Interests, Lookalikes, or Broad? The Targeting Decision Guide for DTC Operators in 2026

Nine times out of ten, when we take over an account and someone asks how we're going to target, the answer is broad. Age, gender, location, and nothing else. No interests, no lookalikes, no carefully stacked behaviour layers.
That gets a raised eyebrow surprisingly often, because a lot of founders have been taught that targeting is where the skill lives. You pick the perfect audience, Facebook finds those exact people, and the ad does its job. So "we're just going to let it run open" sounds lazy, or like we're skipping the hard part.
It isn't lazy. It's that the hard part moved. Let me explain why we default to broad, where that default is genuinely wrong, and how you can test it on your own account without taking my word for any of it.
Why broad works now: the creative does the targeting
Here's the thing most targeting debates miss. When you upload an ad, Facebook reads the ad itself and builds the audience from that, not from the box you ticked.
It pulls the image apart, reads the copy and the headline, transcribes the video, clocks whether the person on screen is smiling or sad, young or old, in a gym or a kitchen. Hundreds of thousands of signals off a single creative. Then it goes and finds the people most likely to respond to that specific ad.
There's a clean little demonstration of this I like. Run two near-identical ads in the same broad ad set, both targeting men and women. One shows a male golfer, one shows a female golfer, same copy otherwise. The male golfer ad will spend almost all its budget reaching men. The female golfer ad will spend most of its budget reaching women. Same audience setting, completely different delivery, decided entirely by the creative.
That's the whole argument in one example. The ad is the targeting. So when you bolt an interest or a lookalike on top, you're not adding precision - you're often overriding the most sophisticated targeting tool in the account with a guess about who your customer is.
This is also why I've come round to calling it "unrestricted" rather than "broad" in my own head. Broad has a stigma, like you're spraying ads at penny-pinchers and hoping. You're not. You're handing the algorithm the full market and letting it go after whoever's most likely to convert, instead of fencing it into a slice you picked.

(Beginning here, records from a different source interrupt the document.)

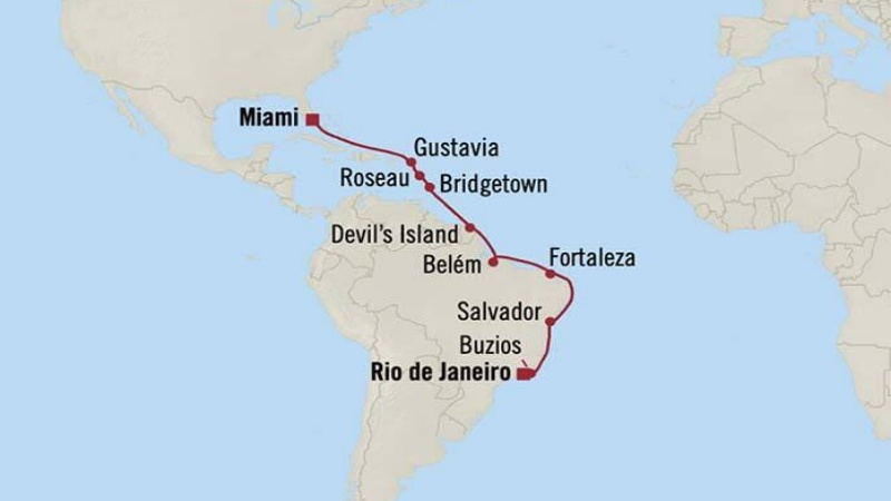 Um cruzeiro com 54 dias de duração acontece entre 29 de novembro de 2025 e 22 de janeiro de 2026 a bordo do navio Marina. Começa em Miami, nos Estados Unidos – e, antes de descer para a América do Sul, passa pelo México, visitando Cozumel e Costa Maya. Então, cruza o Canal do Panamá e desce toda a costa pacífica do continente, até alcançar a Antártica. Sobre então pelo lado Atlântico, até desembarcar no Rio de Janeiro.
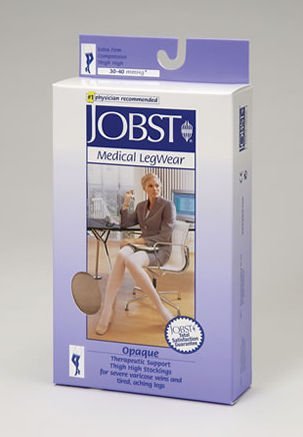 Jobst Opaque Closed Toe thigh high compression stockings in the 30-40 mmHg extra firm compression feature a beaded silicone top band and Advanced Comfort Technology. Choose from a 2 popular colors including: Classic Black and Silky Beige. Sold per pair.. . Fabric Content: 68% Nylon, 22% Spandex 10% Silicone - LATEX FREE. . Luxuriously smooth and easy to wear Jobst Opaque is ultra soft for the most comfortable stocking in its class. Lightweight and highly effective in optimizing leg health. Special processing and a silicone blend softener make these stockings easier to put on.... . **Beaded Silicone on top band keeps stockings in place. **Resilient yarns allow for greater durability . **Reciprocated heel and toe for better fit and durability. **Smooth design and soft texture provides softer more fashionable look with the ultimate in year-round coverage. . Color may not be as shown
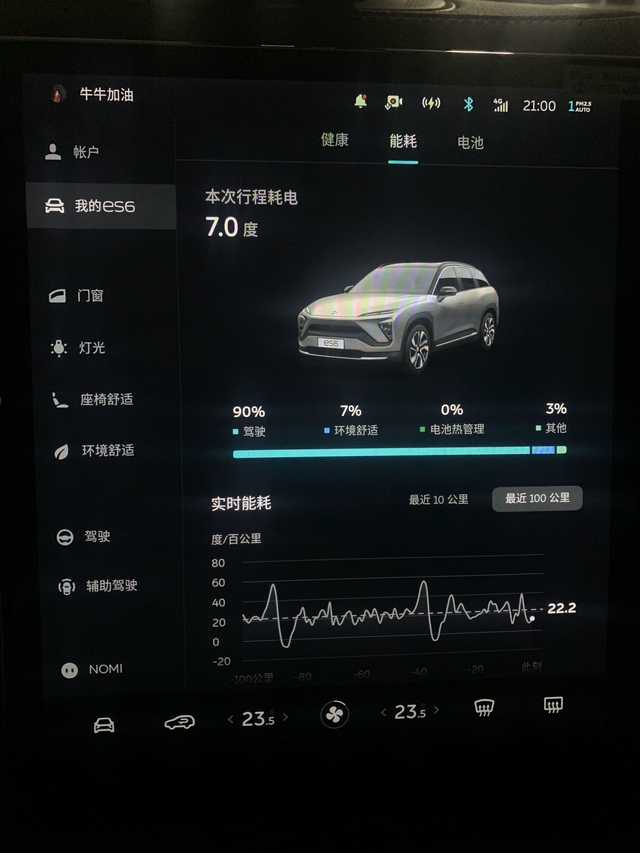 晚上八点多气温零下3度 空调和座椅加热打开。北京五环上车不是很多,车速在100到120之间,因为是高速路段,这段行程的平均能耗到了23.6千瓦时每百公里。但是最近100公里的平均能耗是22.2千瓦。北方的冬天到了,电车能耗要变得高些了。

The three methods, ranked, with the numbers that matter
Here's my honest ranking for a DTC brand in 2026, and crucially, why.
1. Broad (unrestricted)
This is the default for a reason. A few of them, actually.
- Scale. Picture your total market as a big circle. Broad lets the algorithm spend across the whole circle. An interest or lookalike is a small box inside it - you might reach 10 to 50% of your real buyers and never touch the rest. Across our portfolio, broad is consistently the only setup we can push to genuine scale; interest and lookalike campaigns tend to choke well before they get there.

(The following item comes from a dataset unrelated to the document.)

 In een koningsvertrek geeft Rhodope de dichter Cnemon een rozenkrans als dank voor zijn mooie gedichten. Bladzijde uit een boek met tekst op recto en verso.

- Stability. Broad accounts wobble less. Fewer random CPM spikes, fewer CPA jumps out of nowhere. You still get up and down days, but the swings are gentler because the algorithm isn't boxed into a thin, expensive pool of people.

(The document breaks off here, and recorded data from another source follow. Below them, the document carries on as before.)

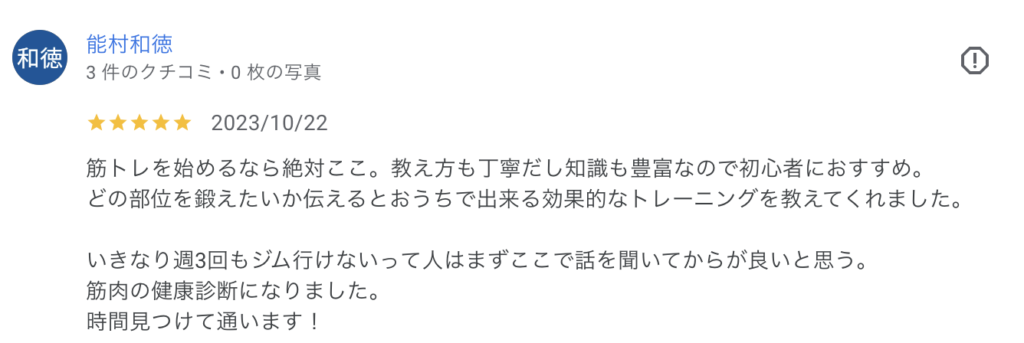筋トレを始めるなら絶対ここ。教え方も丁寧だし知識も豊富なので初心者におすすめ。
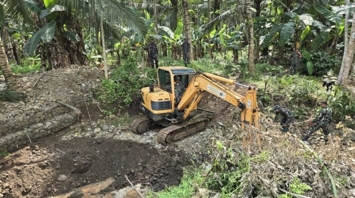 Ampelgading – Di tengah teriknya matahari dan medan berlumpur, semangat anggota Satgas TNI Manunggal Membangun Desa (TMMD) ke-126 di Desa Lebakharjo, Kecamatan Ampelgading, Kabupaten
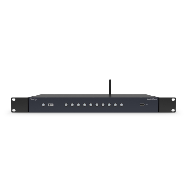 The ChamSys MagicQ Rack is a fully-featured rack mountable version of the MagicQ console designed for installations. It features the same operating system as MagicQ series consoles, but is designed to operate without physical user control, and supports all MagicQ features including scheduled events, OSC, UDP, and MIDI control.
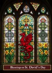 Featuring a tall stained glass church window with a red dragon, yellow daffodils and green crosses on a dark interior setting, this greeting card marks St. David’s Day.

- It frees your budget for creative. This is the one founders underrate. Audience testing is a money pit. I've seen accounts quietly spend 10% of a large annual budget chasing the perfect audience - on a A$2m-a-year account, that's A$200k that produced nothing a good creative wouldn't have produced for free. Go broad and that money goes into making better ads, which is the thing that actually moves the result.
The one real cost of broad: it puts all the pressure on your creative. If your ads don't clearly call out and appeal to your buyer, broad has nothing good to work with and it'll show. No hiding behind the audience.
2. Lookalikes
Useful in a narrow set of cases, which I'll get to, but as a default they've aged badly.
- They need data to exist at all - you want a source list of at least 500 to 1,000 customers before a lookalike is worth anything.
- They're fiddly. Purchase or page-view or engagement source, 30 or 60 or 180-day window, 1% or 3% or 5% - a lot of knobs, and most combinations are noise.
- They rarely scale. I've struggled to push pure lookalike campaigns far at all before performance falls over; a few hundred dollars a day is often the ceiling.
- A lazy lookalike can quietly poison itself. Build it off your last 30 days during a heavy discount period and you've taught Facebook to go find more discount-hunters.
Here's the kicker though: broad sort of gives you the lookalike effect for free. When you optimise for purchases, every sale teaches the algorithm what your buyer looks like, and it keeps finding more of them. You get the "people like my customers" benefit without manually building and babysitting the audience.
3. Interests
Bottom of the list for most accounts, and the gap is widening.
- You pay a premium. Everyone else is targeting "women's leggings" and "Gymshark" too, so you're bidding against a crowd for the same inventory, which pushes your CPMs up.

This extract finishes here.